When Dr Jagan and Burnham gave birth to Guyana, with our own passport, flag, national anthem and that revealing pledge of reaction to our divisiveness, One People, One Nation, One Destiny, we faced the future with much aspiration and anticipation.

Now, today, Burnham’s role in choosing to name this nation Guyana, in installing that damned 1980 Constitution, and in a million other ways, good and not so good, is too important, too defining for us to forget him or his legacy or his stamp on our consciousness, our awakening.

Every Guyanese should read his speeches, and in fact, the Ministry of Education may want to include the Caribbean Press’ publication of his speeches and the books of Dr Cheddi Jagan in the national school curriculum.

Forbes Burnham’s history is fascinating. He descended from slaves on a plantation in Barbados that an English family named Burnham owned. The freed slaves maintained the Burnham name of the slave-owner.

Twin brothers chose to leave Barbados after slavery was abolished, with one brother heading to Panama, and the other to British Guiana.

Forbes’ father became a well-respected School Principal and Methodist Minister in Kitty, and the family became a distinguished Georgetown social icon, with Forbes gaining outstanding scholarships to Queen’s College and then to Oxford University in England, where he studied law and honed his leadership skills in the British West Indian student society.

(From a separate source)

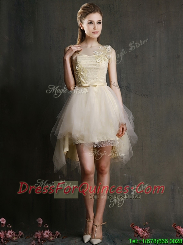 See Through Scoop Champagne Dama Dresses with Appliques and Belt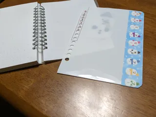 手帳用のポケットをクリアファイルで作成。どこにあるかわかりやすくするようにマスキングテープでマーキング。お気に入りがひとつ増えました。

When he became leader of Guyana, he was to work with other Caribbean leaders – Errol Barrow of Barbados, Eric Williams of Trinidad and Tobago, Michael Manley of Jamaica – to re-define the Caribbean’s social space. They had all studied together in Britain, and employed that British education to shape the Caribbean. Within short decades, the Caribbean had gained international status, and eventually produced world class scholars, intellectuals, Nobel Prize winners, and outstanding achievers in sports, academia and leadership.

Burnham’s role in Guyana, in the Caribbean, in fact in the Third World, is a study in geopolitical realpolitik, and way too significant for us to forget. In his personal life, he married a native of Trinidad and Tobago with family roots in St Vincent: Burnham was the ultimate Caribbean man, and it’s so fitting that the CARICOM Secretariat is here in Guyana.

His vision of self-sufficiency through national cooperativeness, along with Dr Jagan’s vision for human development now adopted at the United Nations, should galvanize us as a nation with a great heartbeat for who we’ve become, in this 21st century.

That’s where we’ve got to inspire and motivate ourselves to get: to see and feel who we grew up to be, looking at our ebb and flow, our fall and our rising, with sober rationality and intellectual integrity.

Our penchant for emotional, irrational rants and reacting with the connotation for divisiveness cannot see us become who we dream of becoming.

Burnham knew this. Dr Jagan knew this. Maybe our leaders failed to prepare us enough to face the future. But they faced enormous odds, birthing a nation, overcoming the sad remnants of colonialism, slavery, indentureship, the violation of the human rights of Amerindians under Colonial rule. These were incredible odds to beat. They had no time to babysit us. We’ve got to self-develop, just as they did. They both moved from rural under-development to become world statesmen and global visionaries.

We were six ethnicities facing each other with nowhere to turn to, having to understand and work with each other. Once we chose to stay in this new land, refusing to go back to our lands of origin, we had no choice but to overcome our cultural and linguistic differences, and work hand in hand to create a brand new nation.

This challenge of creating a new people must have inspired Burnham and Dr Jagan with a great zeal, and they both employed their ideologies and ideas in shaping the Guyanese social space with authentic dedication and a profound self-belief in their cause.

How do we see and feel about them today?

That question forms a foundation pillar of how we would build Guyana to achieve that Jagan dream of developing this nation to achieve its full human development.